I gripped his hand, tight. “Why? Why are you asking me this?”

A quiet, thoughtful moment passed. “My dad died of Alzheimer’s…” he finally continued. “I didn’t tell you, because I didn’t want to think about it anymore. I remember that time, what became of him, everything that my grandparents had to go through….”

“Oppa…”

He took a sharp breath, his head lowered. “You don’t have to go through that, I don’t want you to. If I ever want to have a last will before I forget everything, Eunji, that would be it”

Last will. The words ripped through my heart until it bled.

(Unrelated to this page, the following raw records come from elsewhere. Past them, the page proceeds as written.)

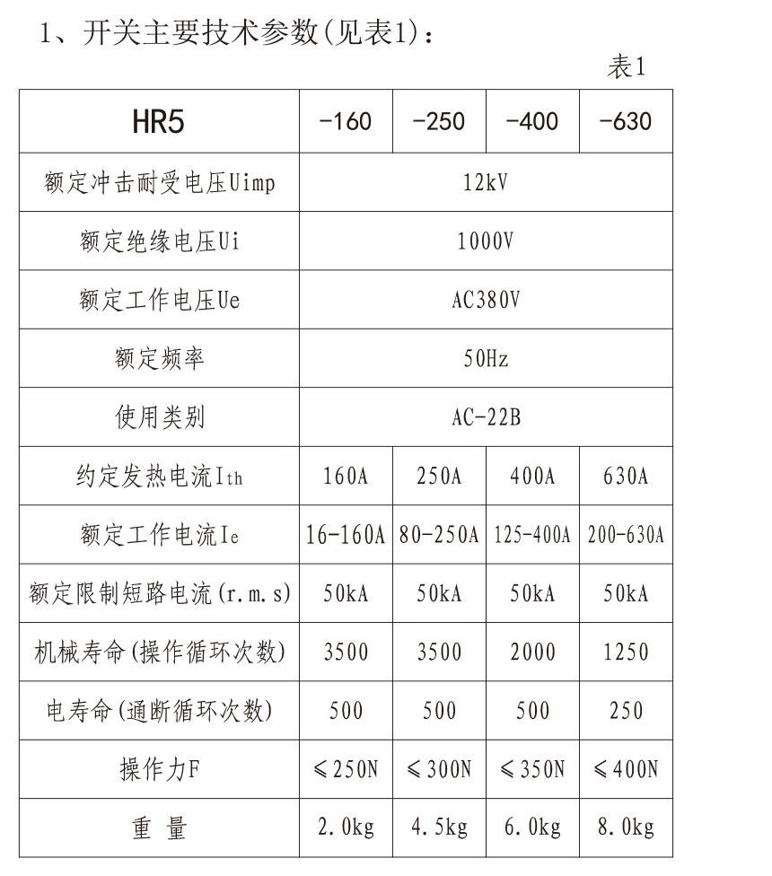 HR5系列熔断器式隔离开关(以下简称开关),适用于交流50Hz、额定电压380V、约定发热电流至630A的具有高短路电流的配电电路和电动机电路中,用作手动不频繁操作的电源开关、隔离开关和应急开关,并作为电路短路保护之用,但一般不作为直接开闭单台电动机之用。
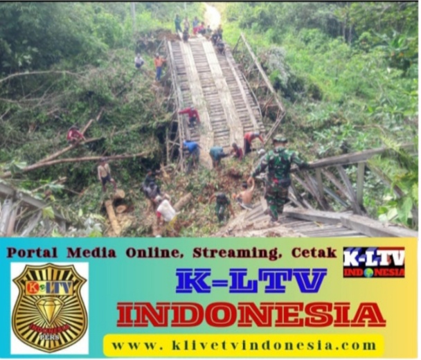 Kapuas Hulu – Satgas Pamtas RI-Malaysia Yonzipur 5/ABW dari Pos Klawik yang di pimpin langsung Danpos Serka Sugianto bersama dengan anggotanya membantu warga mengevakuasi jembatan penyeberangan jenis Bailey yang terputus akibat tertimpa pohon besar karena angin kencang di desa Mensiau, Batang Lupar, Kapuas Hulu, Jum’at (23/8/2024).
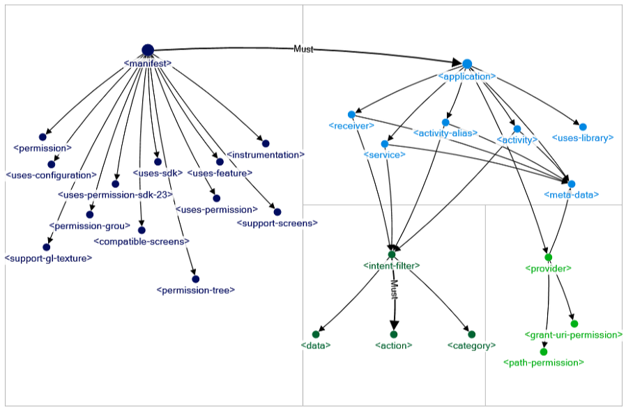 - android:sharedUserId: Android에서는 각 앱에 고유한 사용자 ID를 할당한다. android:sharedUserId은 다른 앱과 공유될 Linux 사용자 ID를 할당한다. 그러나 API 레벨 29에서 지원이 중단되었고 향후 안드로이드 버전에서 삭제될 수 있기에 사용에 유의해야 한다.
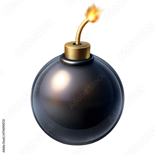 Classic Round Bomb with Lit Wick Illustration – Cartoon Explosive Icon PNG
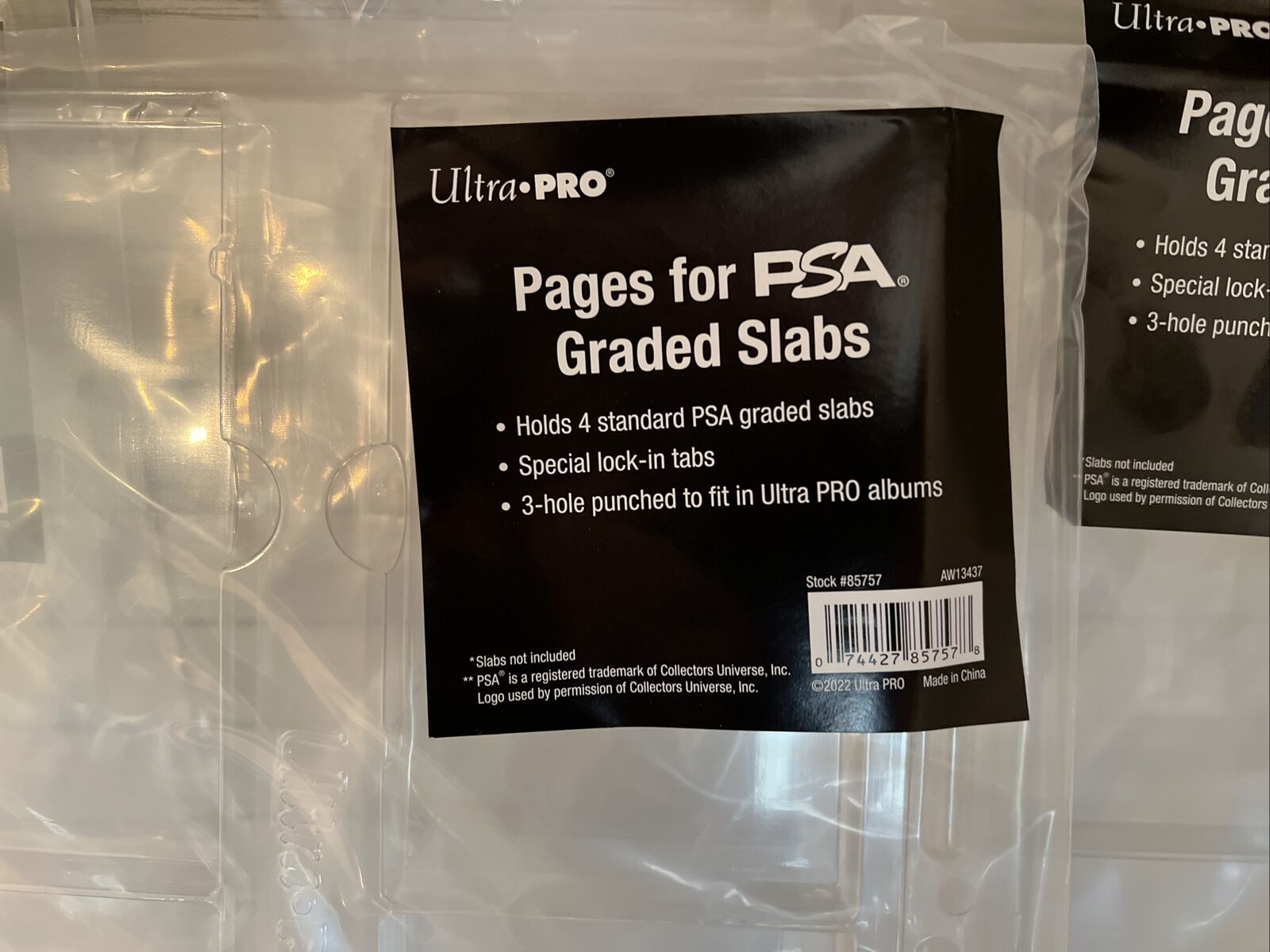 Ultra Pro Pages for PSA Graded Slabs- 4 PSA Graded Cards per Page- 5 Pages Total

How could he?

“No” I told him after I had gathered all the strength that I had left. “I won’t leave you, I would never. And If I could have a last will, that would be mine”

He stared at me, his eyes distant and opaque. I reached out and turned his face to me, my hand on his cheek. “Listen,” I started in a shaky voice. “I made mistakes, mistakes that I could never forgive myself for. And that gave me the kind of pain I deserve and the realization that I could never bear a life without you…” I moved forward caressing his cheek. “There’s no life without you, oppa. I’m here to stay”

Sung Gyu lifted a hand and gently pried mine off his face. 

“This sickness is going to eat your life away” He replied, his voice slowly growing inpatient.  “When it progresses, when it gets worse…” A deep sigh. “Just leave me,” He continued. “Just leave me, marry the other man, have more children, live your life. You’re still young, don't waste it on a mentally crippled man like me”

“you’re not mentally crippled” I pleaded.

“But I will be…” A grim reminder, his gaze strong, unwavering. “Go to him, Eunji, don’t waste your life on me”

With every word he said, sharp thorns were impaling me, one after another.

”But that won’t be you,” I tried again, the stark realisation that had hit me on that fateful seventh day night. “That won’t be you”

“You do realise that I won’t be me in a couple of months, right?”

He was tired now. Angry, impatient.

“But there’s time” I went on, his hand now in both of mine. “They said they could slow the progression and increase the quality of your life, right? If we follow through the medication and treatments correctly, you can still have a good life, oppa, a good life with me”

Sung Gyu looked away from me, his dark eyes glistening. His hand was holding mine so tight, although it seemed to have entirely left his mind.

“This is why I didn’t want this” he said in the end.

A second of silence passed as the words registered in my mind. Things he’d previously said echoed in my head. ‘Knowing what it is would solidify things...it’s easier this way...The longer I don't know the truth, the better…’

And it hit me.

“Oppa…” I started slowly, holding his hand. “You...you already knew what it was, didn’t you?”

If his father had it, and if he was fourteen when he passed, Sung Gyu would have seen all the horrors with his own eyes.

He nodded, a slow, quiet admission, “I had a suspicion” He took a tearful, sharp breath. “If you had seen him, my dad. If you saw and went through the things that I did, you wouldn’t want Yulhee to have the same life” 

I stared at him, stricken, unable to say a word.

“I had to grow up with it, seeing him like that all my life. My father couldn’t remember me. He couldn’t work, he couldn’t say anything sensible and towards the end, nothing at all….he refused to bathe, sat in his bed, stinking and dirtying himself, rotting away…” He lifted his head and looked at me. “That would be me in a few years. I don’t want Yulhee to live that, I don’t want you to live that. There are places for people like me to be. They treat them and take care of them while families could live ordinary lives-,”

“And you think I’ll be happier like that?” I found myself asking him. “Six years of marriage, twelve years of being together, do you think I’ll be happier if I abandoned you like that?”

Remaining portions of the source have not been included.